Transformers Dark of the Moon stars us off in the 1960s where it completely rewrites man’s first landing on the moon into a super secret robot conspiracy theory. The film presents the idea that what the United States was really there to do was investigate an alien spacecraft called The Ark which crash-landed there many years ago.

Cut to the present, where the Autobots are still on earth doing pretty much the exact same things they were doing when we left them last in 2009; helping the US military and searching for the evil Decepticons. The films returning protagonist Sam Witwicky, played by Shia LaBeouf, is currently looking for a job and he isn’t having much luck. Since the events of the last film, he has fallen out of touch with the Autobots, and has found that he isn’t too fond of the boring life he leads now. He has landed himself a new girlfriend (played by Victoria’s Secret model Rosie Huntington Whiteley) who works for Dylan Gould, who is slightly mysterious and a little too friendly with Sam’s better half.) From there we learn that it is very important that the Autobots reach the Ark before the Decepticons do, because the Ark contains secrets that could threaten the existence of mankind.

That’s about all I can say for the plot, partially because the film is lacking in that area, and also if I told you much more it would spoil the film; and we wouldn’t want to go doing that. But to be quite frank, you really don’t end up caring about the plot, or the characters therein, or the big race to get to The Ark, or any of that. Now the reasons for this are certainly not that all of the films viewers, me included, are apathetic, horrible people who would love to witness the destruction of the earth. No, it’s not that at all; the audience wants to care about what happens to the characters, they want to root for the good guys, they want a happy ending; it’s the Director who obviously didn’t care. The further and further you get into viewing the film, the more it becomes apparent that the people who made it didn’t truly care about the characters, and just cared about action sequences and sex appeal. None of the characters grow and develop; they just shout at each other and dodge a mixture of real and CGI explosions. Unfortunately this has been Bay’s tried and true formula since the beginning of this trilogy, so it comes as no surprise to see it in action again. Viewers will get the feeling that this is a mindless action film which is constantly and so very rudely interrupted by small, pointless attempts at telling a story.

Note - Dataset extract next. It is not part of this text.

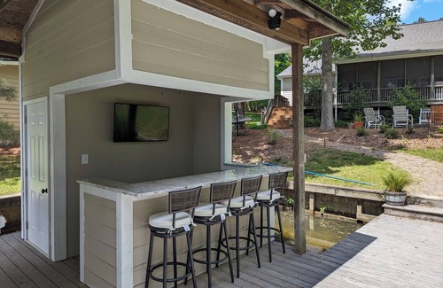 Gentle slopping lot to water’s edge and boathouse with boat and jet ski lifts. Guests are able to use the boat lift, and we have added a dock extension to accommodate pontoon boats. Enjoy food and drinks on the dock bar with seating for 4. Additional seating on the dock - wrought iron table (with umbrella) and 4 chairs, 2 wrought iron lounge chairs and 2 Adirondack chairs overlooking the lake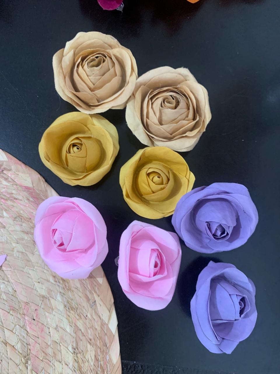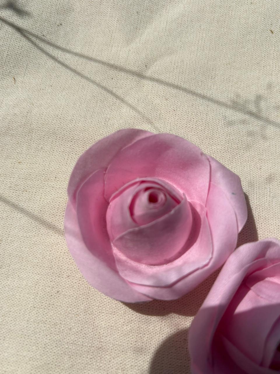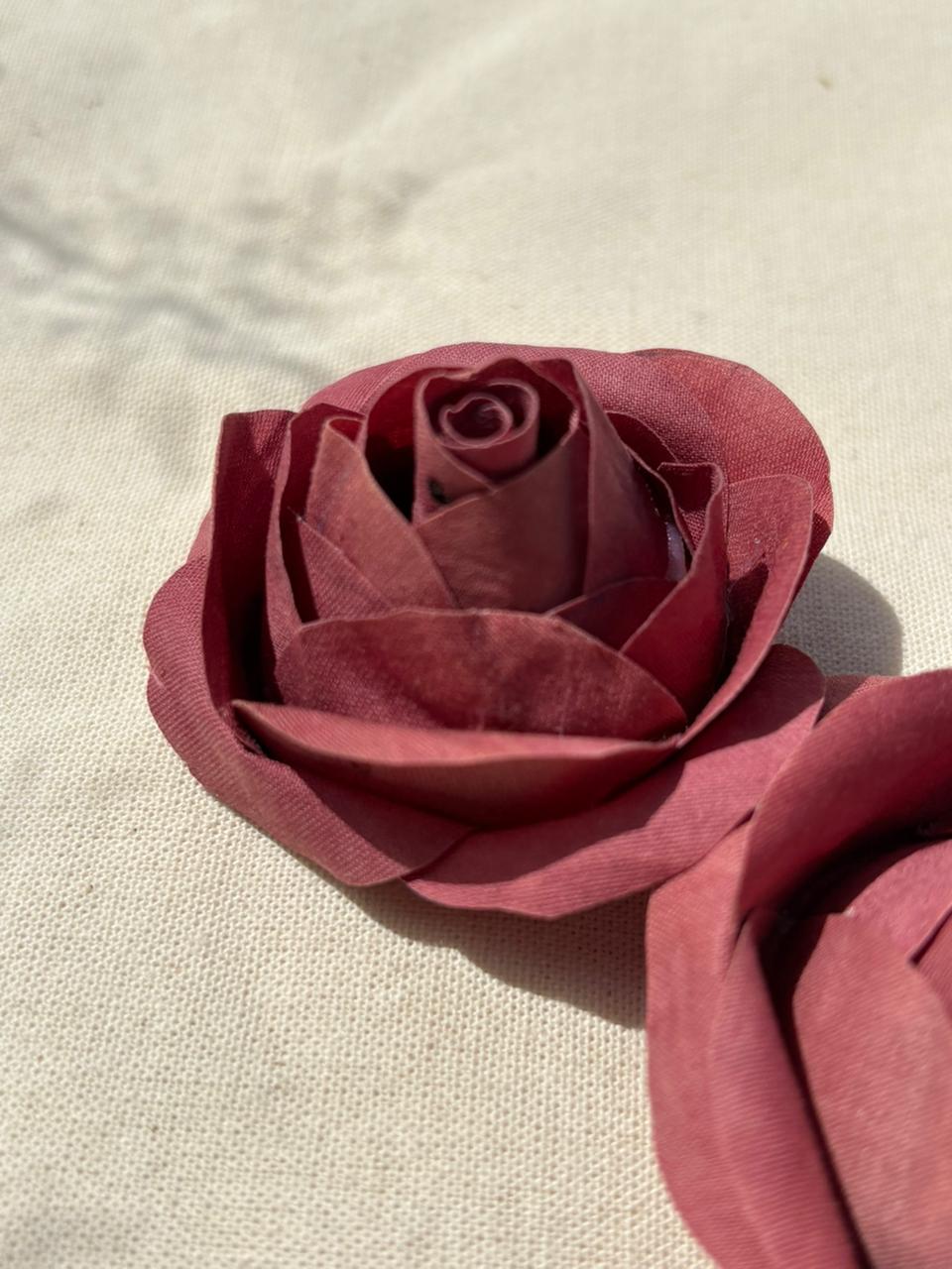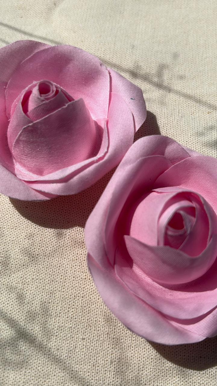 Completa tu look con estos bonitos aretes con forma de rosas hechos con tela de algodón almidonada y teñido con tintes naturales.

Out of all three of the Transformers films, the first installment was probably the best. It wasn’t the most amazing film, but it was entertaining. Part of this was due to Labeouf’s performance as the awkward high school student who stumbles across talking robots, Sam Witwicky. The witty dialogue and strange situations he got himself into were fun and enjoyable for audiences; unfortunately this same performance was not invited back for the Third film. An identical performance was also nowhere to be found in the second film, so I suppose it’s no surprise you can’t find it here either. This makes Laboufe’s character stale and boring to watch, having no real drives or motives that make us really pay attention to him. He is but a face on a screen, running and screaming with other faces; some real, some CGI. I suppose if I was asked to sum up the performances of all the actors in one sentence, I would use the above description. The new female stand in, Rosie Huntington Whiteley, doesn’t do much better of a job than Megan Fox did at acting; as the filmmakers placed her there just to look at. After all, what would the film be without an attractive female Sam Witwicky and the audience could stare at?

The action and CGI sequences are as over the top as ever, which is generally a good thing for most people coming to view this film. There were lots of explosions, lots of yelling, plenty of hitting, and lots of death. These make up a large chunk of the film, and at times can be rather cool. The film has no artistic value, but it does have moments that can be considered “awesome”; unfortunately not awesome enough to raise people’s opinion of the film, or its star rating in this review. But nonetheless, cool.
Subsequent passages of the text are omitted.